The size of the fiscal easing in 2020 gave economies much needed support in the wake of the pandemic. However, if measures are not extended this year, the positive fiscal “thrust” will turn into a negative “drag” on economic growth for 2021 and 2022:

20Jan2021 graph2

The expectation of greater economic support in the US combined with extremely loose monetary conditions and the expectation of strong economic growth, as economies roll out vaccines and emerge from lockdowns, make for a potent cocktail of positive drivers for equities. We believe this is why markets have largely ignored the volatile political situation in the US.

This renewed optimism means that the sharp rotation in market leadership has continued. Previously unloved sectors which are highly sensitive to economic growth such as miners, oil & gas and financials have all led the way since early November. This has been at the expense of the incumbent market darlings, namely big tech.

The clear short-term beneficiary has been the UK which is highly weighted toward these industries and was looking attractively valued.
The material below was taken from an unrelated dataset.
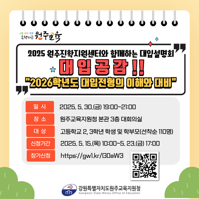 [스포츠서울ㅣ원주=김기원기자]강원특별자치도원주교육지원청(교육장 김성진)은 5월 30일(금) 19시 원주교육지원청 3층 대회의실에서 ‘2025 원주진학지원센터와 함께하는 대입 설명회 <대입공감!>’을 개최한다.
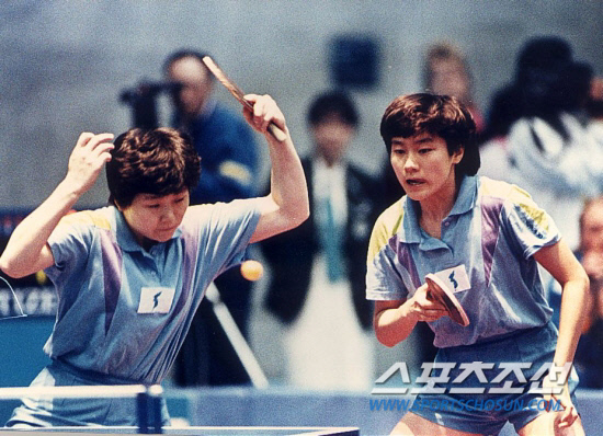 | 1991년 지바 세계탁구 선수권 대회에서 호흡을 맞추던 리분희(왼쪽)와 현정화. 스포츠조선DB |

Combined with Brexit relief/optimism, these effects have led the UK equity market to outperform other regions, particularly the US, over the past 3 months.

As I have discussed before, whether this rotation signals the beginning of sustained outperformance of these cyclical sectors remains to be seen. There are a huge number of variables in play and so, as regular readers know, we prefer to ensure that client portfolios are well diversified in order to “hedge” potential market rotations.
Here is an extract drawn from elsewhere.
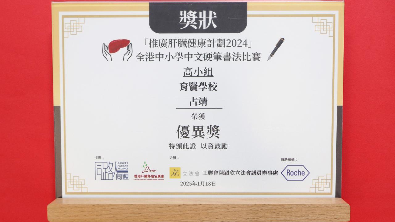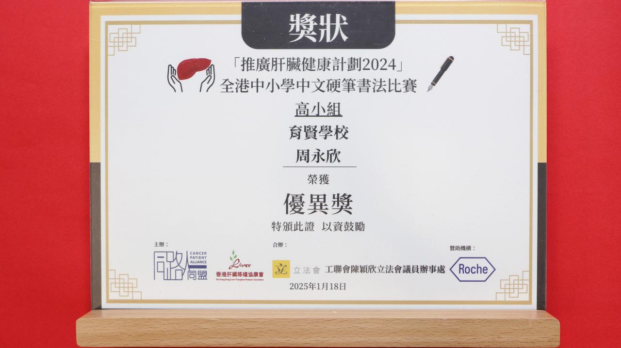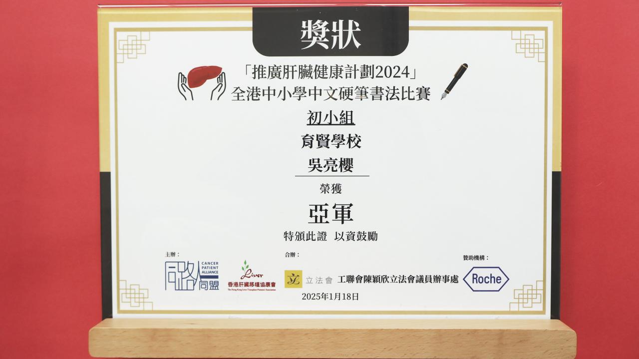「推廣肝臟健康計劃2024」全港中小學中文硬筆書法比賽

Finally, I would like to briefly discuss movements in the bond markets. Market optimism over vaccines and, subsequently, economic growth mean that bond yields have risen fairly sharply over the past few months. As a reminder, the price movements of bonds are inversely related to the yield movements. That is to say that, when bond yields go up, their price goes down and vice versa.

The chart below shows the income yields of UK Government Bonds (Gilts) in issue:

20Jan2021 graph3

Over the past month, the yield on Gilts with 10 years until maturity has risen from around 0.19% to 0.32% at the time of writing. This doesn’t sound like a lot but it is a big move for bonds and has a negative knock-on effect on other types of bonds, such as corporate or high yield bonds.
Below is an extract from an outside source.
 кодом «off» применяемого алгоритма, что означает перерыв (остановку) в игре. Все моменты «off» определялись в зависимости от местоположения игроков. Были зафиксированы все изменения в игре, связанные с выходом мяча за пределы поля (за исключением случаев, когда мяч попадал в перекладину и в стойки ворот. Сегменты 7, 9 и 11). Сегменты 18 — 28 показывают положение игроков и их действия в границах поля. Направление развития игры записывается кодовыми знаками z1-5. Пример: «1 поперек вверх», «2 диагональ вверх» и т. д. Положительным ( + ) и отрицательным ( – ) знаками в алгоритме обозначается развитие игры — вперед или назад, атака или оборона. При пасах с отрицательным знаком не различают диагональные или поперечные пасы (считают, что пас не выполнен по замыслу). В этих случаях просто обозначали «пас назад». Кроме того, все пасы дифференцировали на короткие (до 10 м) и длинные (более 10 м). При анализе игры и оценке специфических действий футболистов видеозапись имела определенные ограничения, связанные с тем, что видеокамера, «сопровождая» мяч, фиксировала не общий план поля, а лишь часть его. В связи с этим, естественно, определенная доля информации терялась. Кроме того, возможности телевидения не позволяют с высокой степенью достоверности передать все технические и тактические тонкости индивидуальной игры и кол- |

So, does this spell the end of the bond bull market? Well, we don’t know but we don’t think so. In fact, we believe that this may represent some value in some types of bonds. In any case, we continue to value bonds for their diversifying properties at times market stress and advocate their use as part of a well-constructed, risk targeted portfolio.

In summary then, 2021 has got off to an eventful and “interesting” start. However, we are optimistic for financial markets over the course of the year given the support provided by central banks around the world. Markets seem to be hooked on central bank support and where this all ends, we just don’t know. However, for the time being, we will not be fighting the Fed.